Parsl: Parallel Scripting in Python

Case Studies

Parsl is being used by a wide range of researchers across many scientific domains. Below we highlight recent use of Parsl in some of these research domains.

Chemistry

Researchers at the University of Tampa have developed and implemented a new flexible monomer two body carbon dioxide potential function to address the gas phase properties of CO2 at high levels of quantum mechanical theory. As part of this work they have focused on understanding the vibrational structure of small clusters of CO2 molecules with the aforementioned potential function.

These researchers have used Parsl to parallelize the dynamics simulations, in order to increase the computational efficiency and improve the statistical sampling. Since the methodology is implemented using the Python scripting language and a Jupyter notebook, parameters can be easily modulated according to the type of simulation needed or to the desired output data.

Physics

QuarkNet is an NSF-funded program at the University of Notre Dame that provides professional development opportunities for high school science teachers by connecting them to a nationwide network of researchers and experiments. One of QuarkNet's projects is a set of webapps known as e-Labs. The e-Labs gather real data from scientific experiments, including the CMS detector of the Large Hadron Collider and the LIGO gravitational wave detectors, and make it available to students through a set of analysis exercises designed for use in the high school science classroom.

The most widely-used e-Lab is the Cosmic Ray e-Lab, which presents students with data on cosmic ray muon events in the earth's atmosphere. QuarkNet is developing Jupyter notebook-based versions of this e-Lab's data studies that use Parsl to orchestrate the execution of the programs that perform the demanding computation required to provide flexible and fast cosmic ray data analysis. The combination of Parsl and the Jupyter environment will allow QuarkNet to open their existing analysis code to a wider audience and to create new tools for data science education.

Cosmology

The Dark Energy Science Collaboration (DESC) seeks to understand the nature of dark energy and further our understanding of the acceleration of the expansion of the universe. DESC aims to leverage the huge dataset produced by the Large Synoptic Survey Telescope (LSST) to measure how Dark Energy behaves over time. Members of DESC are using Parsl to develop workflows for image generation, weak lensing, and modeling galaxy clusters.

Biology

Genome analyses represent a crucial processing step for understanding a wide range of disease. Unfortunately, analyzing DNA sequencing data is computationally intensive, requires multiple processing steps, and the range of tools suitable for each stage is rapidly growing.

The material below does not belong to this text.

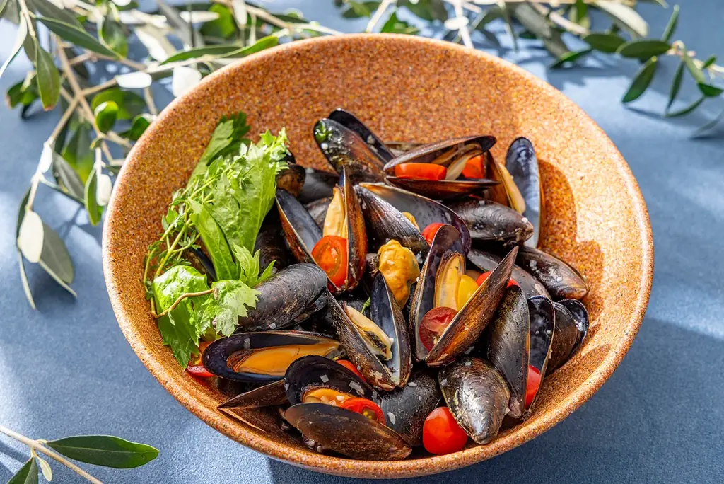 - ムールマリニエール(ニンニク、ハーブ、白ワインで蒸し上げたムール貝)

Researchers at the National University of Singapore and the University of Chicago have developed SwiftSeq: a large-scale next generation sequencing analysis pipeline that combines a myriad of processing tools and provides for highly parallel execution on clouds, clusters, and supercomputers. The SwiftSeq pipeline is being implemented in Parsl to manage parallelism of processing tools and sequencing data.

Materials Science

Materials scientists at Argonne National Laboratory are interested in understanding and modeling “stopping power,” defined as a “drag” force experienced by high speed protons, electrons, or positrons in a material. Stopping power has applications in areas like nuclear reactor safety, solar cell surface adsorption, and proton therapy cancer treatment. It is also critical to understanding material radiation damage.

Time-dependent density functional theory (TD-DFT) offers an accurate way to compute stopping power: it is highly parallelizable, parameter-free, and can accurately reproduce experimentally-measured stopping powers. However, TF-DFT computations and expensive, and scientists increasingly need to easily access stopping power for many different types of materials in all possible directions, and even ascertain the effects of defects on the stopping power. Thus, Argonne researchers are using machine learning to extend TD-DFT’s capabilities. Specifically, they have implemented a Parsl-based workflow that processes data stored in the Materials Data Facility (MDF) to create surrogate models for TD-DFT.

Information Extraction

The amount of scientific literature published every year is growing at an overwhelming rate (estimates suggest up to 1.8 million articles per year). Therefore, the amount of important findings (e.g. experiment results) locked in tables, figures and text of various format is staggering. Researchers at NIST and the University of Chicago are developing automated methods for extracting scientific facts from publications.

Parsl is being used to parallelize complex information extraction workflows. These workflows combine existing NLP tools, semi-supervised word embedding models, named entity extractors, and named entity classifiers. The workflows are executed on supercomputers at Argonne National Laboratory to process tens of thousands of scientific publications in parallel.